Not long ago, the Dutch were among the hardest of hardline enforcers of budgetary discipline in the euro zone. As the crisis intensified last autumn, the country’s prime minister and finance minister argued that states which failed to control their deficits should face external supervision, fines, or even expulsion from the single currency.

That commitment to fiscal rigour abroad has been undermined by domestic economics and politics. The Netherlands has been hard hit by the slowdown: growth went into reverse in the fourth quarter of 2011, and the International Monetary Fund expects the Dutch economy to be the only core euro zone country to endure recession this year. This puts the country at risk of breaching the euro zone’s deficit targets, and forced ministers to consider more austerity. But the planned cuts proved too harsh for the fragile Liberal-Christian Democrat coalition - and for Geert Wilders’ Freedom Party, on whose support the government relied. Elections now look likely, possibly as early as mid-July.

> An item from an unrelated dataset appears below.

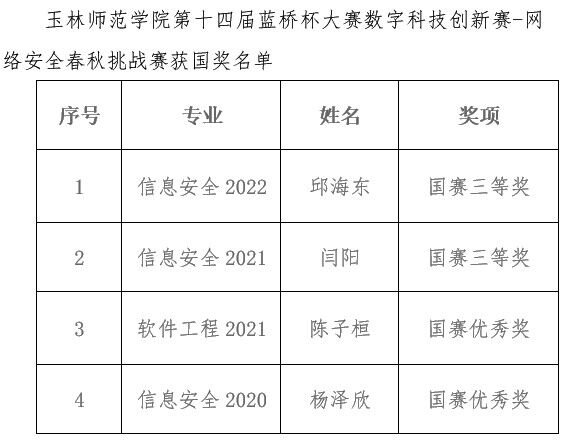 近日,第十四届蓝桥杯大赛数字科技创新赛——网络安全春秋挑战赛全国总决赛获奖名单揭晓,我校代表队荣获第十四届蓝桥杯大赛数字科技创新赛——网络安全春秋挑战赛全国三等奖2项、全国优秀奖2项、广西一等奖5人、广西二等奖3人。校代表队由计算机科学与工程学院学子组成,邱杰老师带队指导。

The latest ructions pushed the yield differential between Dutch and German 10-year government bonds to their widest level for three years. However, an immediate fiscal crisis looks unlikely. If opposition parties play ball, parliament could cobble together a budget for 2013 before the summer. This would help prevent a scolding from Brussels and the ratings agencies. And even if the deficit remains above the euro zone’s 3 percent limit the Netherlands, which has a debt-to-GDP ratio of only 65 percent, is a long way from joining the euro zone’s peripheral laggards.

A bigger concern is whether elections will lead to a new political consensus. Though support for Wilders has shrunk, opinion polls suggest that the left-wing Socialist Party, which has campaigned against the euro zone’s austerity policies, might become the second-biggest grouping in a new parliament. It could be a hot summer for Dutch butter.

Context News

The coalition Dutch government, led by Prime Minister Mark Rutte, resigned on April 23 following disagreements over budget cuts.

The collapse of the Liberal-Christian Democrat coalition, which has been supported by the populist Freedom Party, could lead to elections which could be held as early as mid-July.

It also calls into question the Netherlands’ ability to abide by the euro zone’s stability and growth pact, which demands that countries limit their budget deficits to no more than 3 percent of GDP by 2013.

Finance minister Jan Kees de Jager promised to keep fighting to cut the deficit and dismissed comparisons with the region’s sickest economies. “The Netherlands will retain its solid fiscal policy and will also show the market it will lower its deficit and also have a path of sustainable government finances,” he told Reuters. However, to pass a budget for 2013 the government will probably have to rely on the support of opposition parties in parliament.

Last autumn, de Jager and Rutte supported the euro zone’s hardline approach to enforcing budget rules, arguing that countries that failed to cut their deficits should face sanctions or even expulsion from the euro zone.

The yield on Dutch 10-year government bonds rose to 2.41 percent by 1400 GMT on April 23. The differential between Dutch and German 10-year bonds reached 77 basis points – its widest level since the global financial crisis in the autumn of 2008.

According to an opinion poll conducted in the immediate aftermath of the collapse of talks between coalition partners on April 22, a snap election would see the Liberals, Christian Democrats and Freedom Party hold 63 seats in 150-seat parliament, well short of a majority.